It’s not open surgery and as such has less risk and a speedier recovery time. Most laparoscopies are done as day cases. This procedure is also the gold standard for diagnosis too. This surgery heals up really nicely, and unless I specifically showed you the tiny scars, I doubt the untrained eye could tell I’ve had three.

You can find out more about having and preparing for a laparoscopy here.

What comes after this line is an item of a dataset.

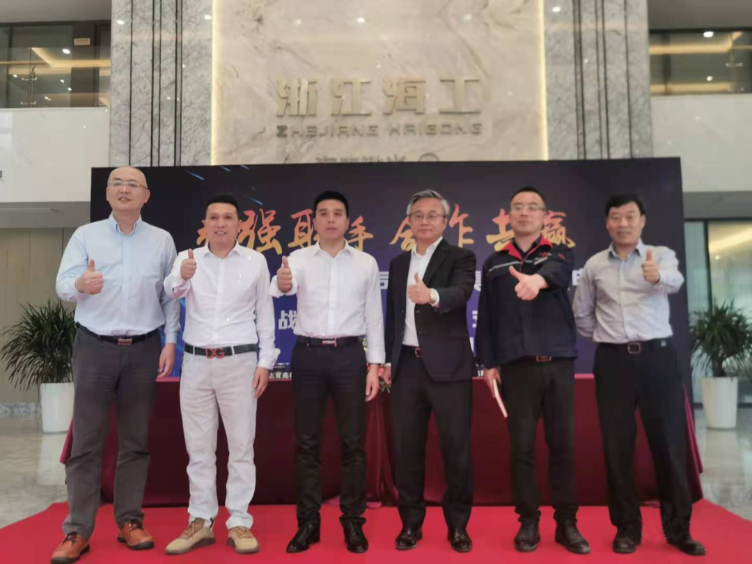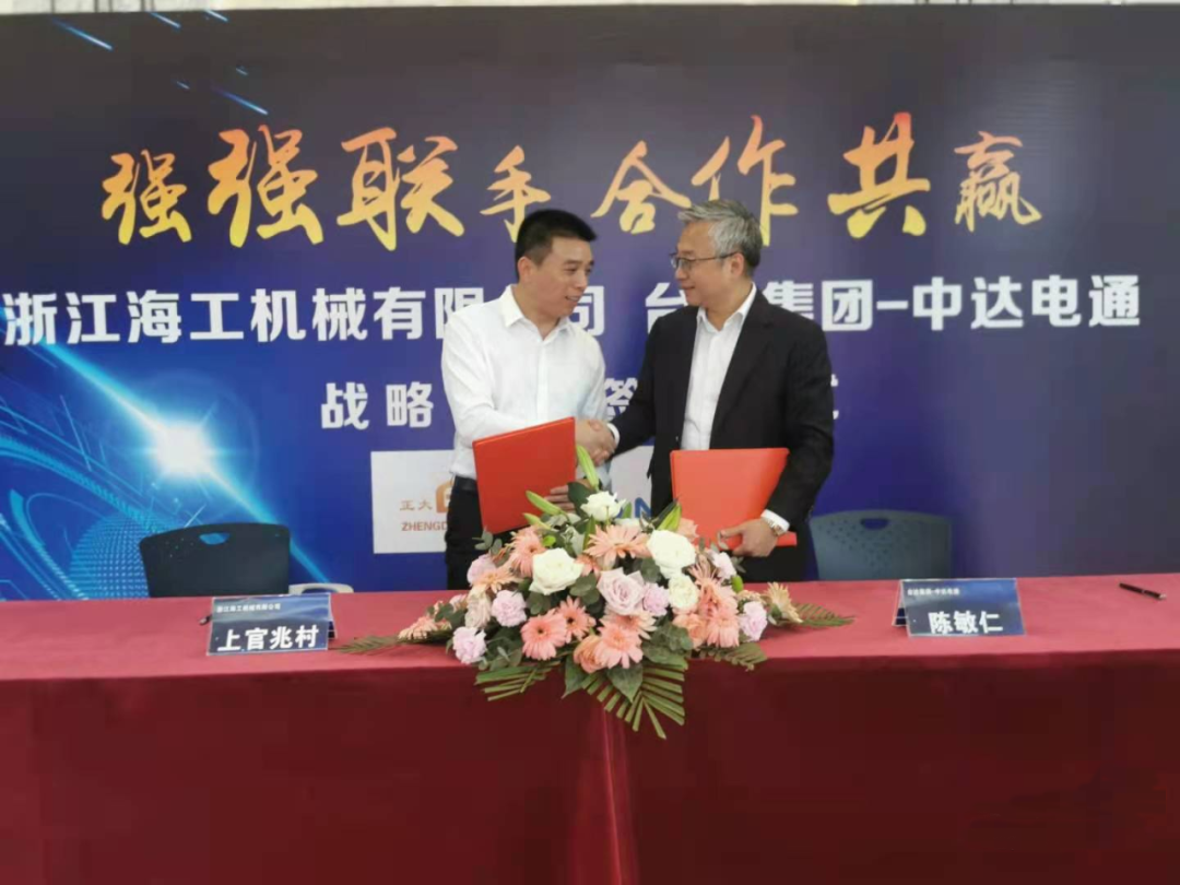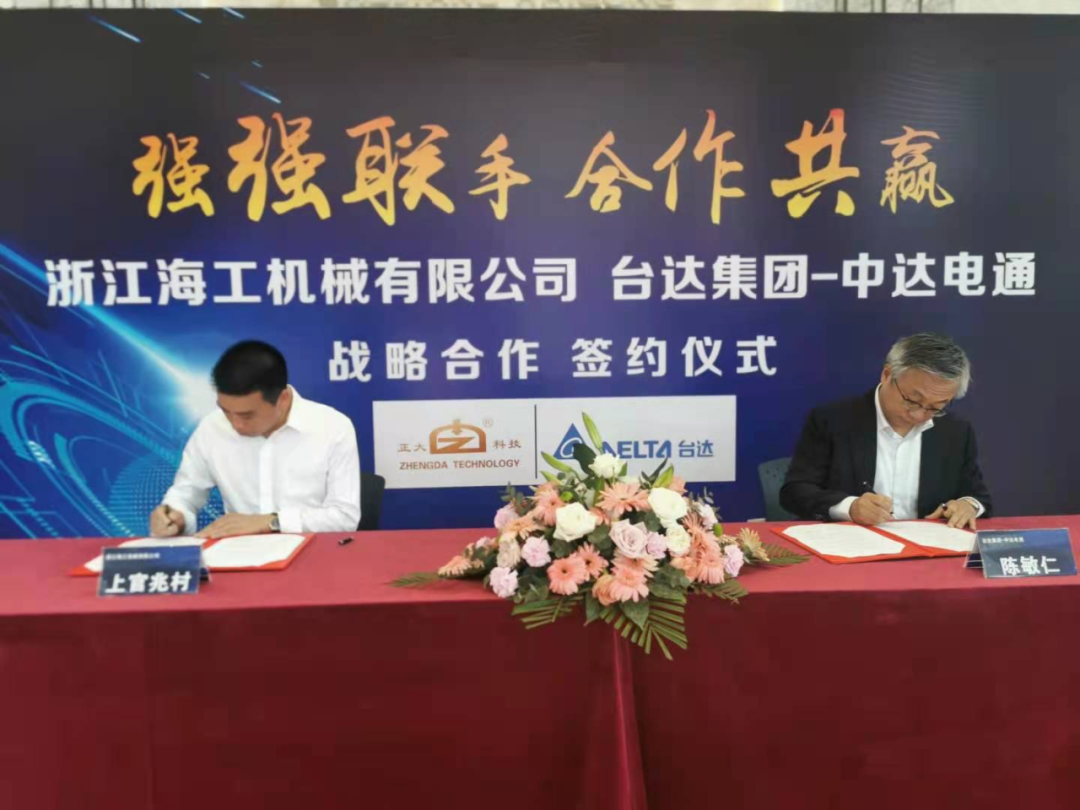 機械與工控強強聯(lián)手,海工與臺達合作共贏。4月23日,浙江海工機械一樓大廳熱鬧非凡,海工機械總經(jīng)理上官兆村與臺灣臺達集團-中達電通機電事業(yè)部總經(jīng)理陳敏仁在此簽訂戰(zhàn)略合作協(xié)議。

Painkillers, lots and lots of painkillers

These may or may not become your best friends. Painkillers are my last resort for a very bad day of endometriosis pain, but many other women rely on painkillers (and very strong ones at that) to keep going each day. Hopefully you’re not in too much pain, or you’re pain free. I wish all of the women I know with endometriosis “good pain-free weeks and days” instead of “luck” or “taking care”. I genuinely hope you I don’t need to ever say this to you.

Treatment takes time

I urge you to have patience when it comes to your treatment. You will be brow-beaten, tired and perhaps desperate before you get better, but remember the facts. Endometriosis is affected by monthly cycles, so truthfully waiting for relief means watching each month pass, seeing how you do with one treatment for a number of months, then waiting through another. There’s no instant cure, only short term relief in those first few months when you first get diagnosis. Getting better is something that has to be worked on carefully and gradually. It will be frustrating, but hopefully you’ll get some comfort from knowing why it could take so long.

This wait is caused by the fact that we all react differently to endometriosis treatment. One woman’s revelation doesn’t dent the symptoms of another. Endometriosis is ruled by stuff like hormones, organs and time, and they are anything from simple.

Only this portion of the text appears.